STF proíbe modificação de áreas de proteção ambientais via medida provisória

O plenário do Supremo declarou, por unanimidade, ser inconstitucional a redução de áreas de proteção

Publicado em 06/04/2018 às 08:19Atualizado em 16/12/2022 às 05:00
Compartilhar

O plenário do Supremo Tribunal Federal (STF) declarou nesta quinta-feira (5), por unanimidade, ser inconstitucional a redução de áreas de proteção ambiental, como Parques Nacionais, por meio de medida provisória (MP).

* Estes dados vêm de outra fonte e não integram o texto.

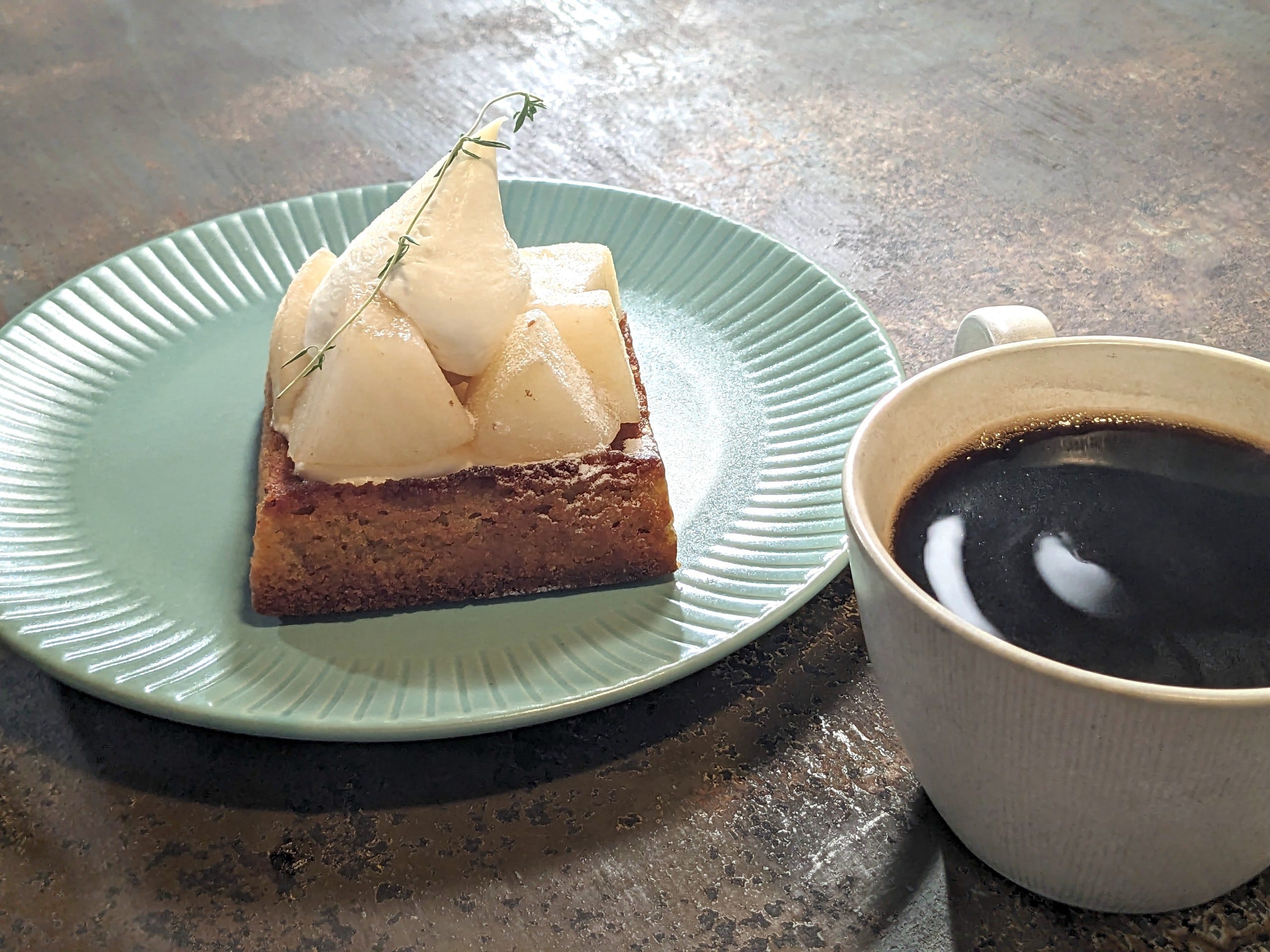 「洋ナシのタルト」のペアリングでおすすめなのは、ブラックコーヒー。コーヒーの苦味が、爽やかな甘さをより一層引き立ててくれますよ。

O julgamento foi motivado, pela alteração em 2012, dos limites dos Parques Nacionais da Amazônia, dos Campos Amazônicos e de Mapinguari, bem como das Florestas Nacionais de Itaituba I, Itaituba II e do Crepori e da Área de Proteção Ambiental do Tapajós.

As alterações feitas pela MP 558/2012, editada pelo governo de Dilma Rousseff, tiveram um dos objetivos permitir a instalação e funcionamento das Usinas Hidrelétricas de Jirau e Santo Antônio, no rio Madeira.

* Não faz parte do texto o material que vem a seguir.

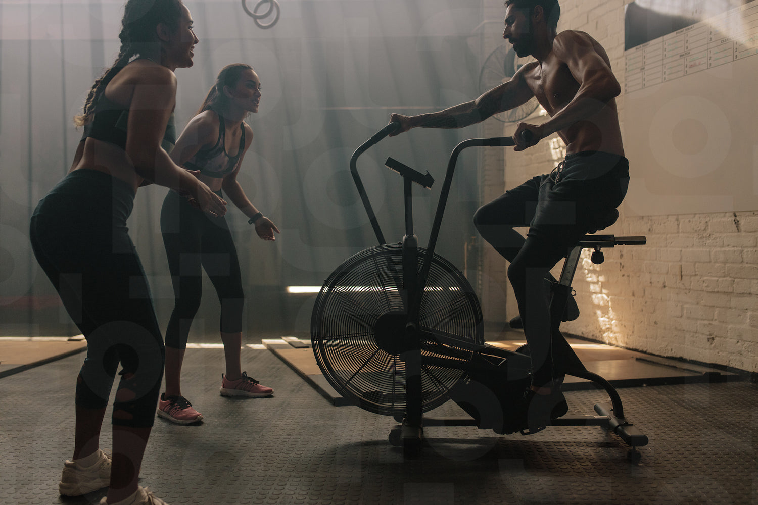 Two women motivating man exercising on air bike in gym. Man doing intense workout on gym bike with females.

Ao proibir a alteração de reservas por meio de MP, nesta quinta, os ministros do STF reafirmaram o que diz o terceiro inciso do artigo 225 da Constituição, segundo o qual as áreas naturais protegidas podem ser alteradas “somente através de lei”, que precisam passar pelo crivo do Legislativo. No entanto, o STF decidiu que a medida não terá efeito sobre as áreas que já foram alteradas pela MP 558/2012, pois as modificações já se tornaram irreversíveis.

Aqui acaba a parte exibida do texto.